Im really torn by this post, im not sure what is going on here. My DP is just starting a business, its fucking tough and we are making sacrafices all round. Some of those sacrifices are that i am at home alone alot of the time as he often has to work late and weekends, which he hates as much as i do, but what can you do. 247, you say that a woman shouldnt stand in her husbands way at work etc, well yes, this is true, but a husband shouldnt hold back his wife and stiffle her either.
I had to laugh at myself the other night, im soooo not the little woman (in fact i think my DP is really quite scared of me!) but the other night he didn't get home until nearly midnight. Despite my coping with DD all day, being shattered and climbing the walls with loneliness - i made him dinner for when he got home and ran a bath for him and took him up some tea to drink in it! Then i thought blimey, im turning into a stepford wife. But then i thought, yes, but this poor man has been out slogging his guts out since six this morning, despite a broken night with DD the night before and he was SHATTERED. There owuld have been a time when i would have been constantly phoning and been in a foul mood by the time he got home, but what would that achieve other than to stress us both out more. One day i am hoping that we too will be reaping the rewards of all our hard work, but in the mean time, if that means i have to be the little woman then thats ok. Its my way of helping. I also help by doing all the admin and nagging him into making schedules and get on his case to stick to them. I am also thinking of doing some courses so that i can offer the business more. At the end of the day the business is about US as a family. I think the thing is to remember taht we are individuals in our own right and not let this become a pattern.
I have to say, i think xenia does make a good point about if women want to spend money without having to consult the other partner then they must earn their own. However i do not agree that just because some women, as i do, rely on a man for money, we should have to do as we are told - my DP wouldnt DARE!!!! I may end up only working for the business, so technically for my partner, despite having professional qualifications in another field of expertise. IF it pans out that way, then that will be a good thing, because i keep up with the mantra "this time next year rodney, we'll be millionaires".
OP, over the years you have supported your DH and kept your lovely home and cared for your children you will have ammassed a whole set of skills that you take for granted. Is there anyway, do you think, that you could utilise those skills to establish a little empire of your own? Even if its is making organic jams and preserves to sell locally. It would be something totally for you.

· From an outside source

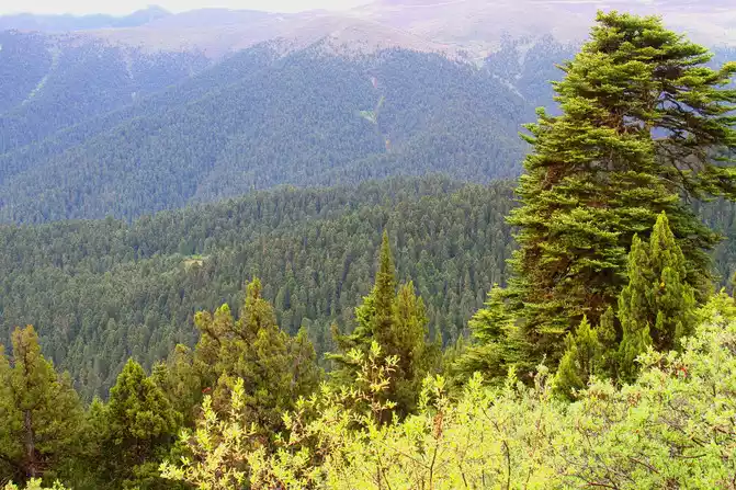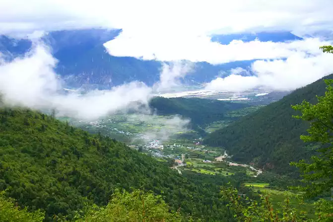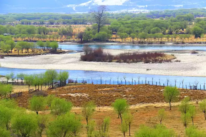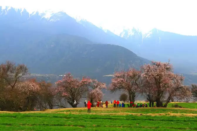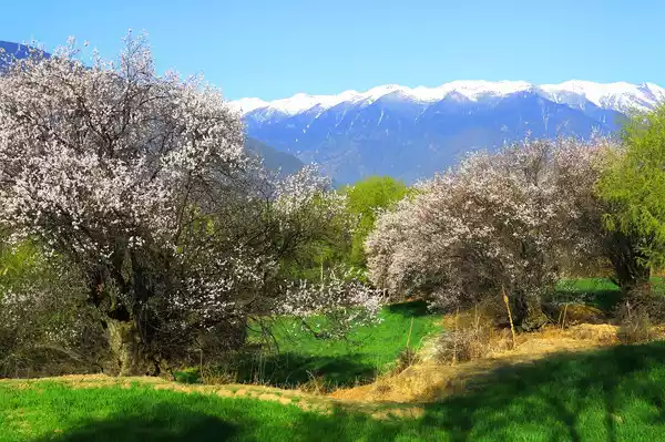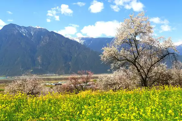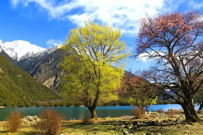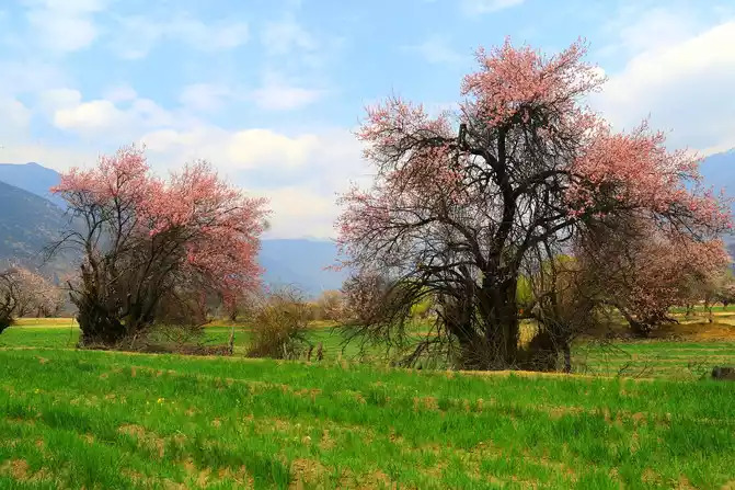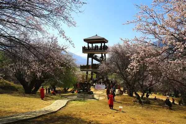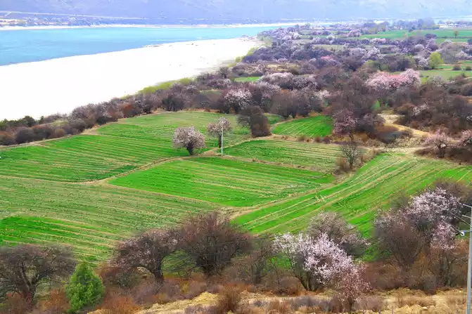 Nyingchi, known in Tibetan as "Throne of the Sun". It is located at an altitude of 2,930 meters, with a humid climate and dense vegetation, and is known as the Jiangnan of Tibet. The Brahmaputra River passes through the Nyingchi area, forming the famous "Brahmaputra Grand Canyon", which is famous all over the world; The famous sacred lake "Basuncuo" of the Red Religion is 120 kilometers away from Nyingchi City and is a tourist resort; There is also the famous Peach Blossom Festival, the famous Gala Village Peach Garden is next to National Highway 318, and when the peach blossoms are in full bloom from mid-March to mid-April every year, flower-viewing tourists from all directions come to a spring date.
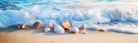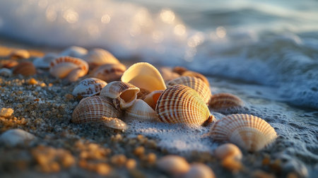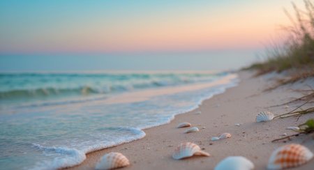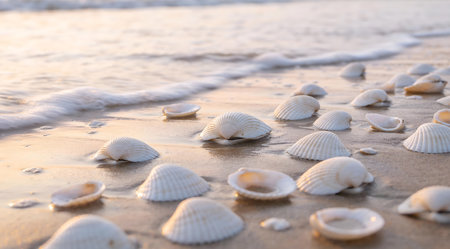 Delicate seashells rest on the warm sand, touched by gentle waves at sunrise. The peaceful scene captures the serenity of a coastal morning by the ocean.

If your DD hasnt asked for the handbag, dont bother!! And dont turn that issue into the major stumbling point with DH. There are issues of inequality in this marriage it would seem, but i think you need to addresss that directly thinking about what you want and how you want things to progress as apposed to unnecessary arguments about xmas presents.
The thing is, your DH, whilst he is behaving badly, probably thinks you are happy just to be the kept woman and would be baffled if he knew your real feelings. I think the best bit of advice i could give you is this: Print out this thread and show him.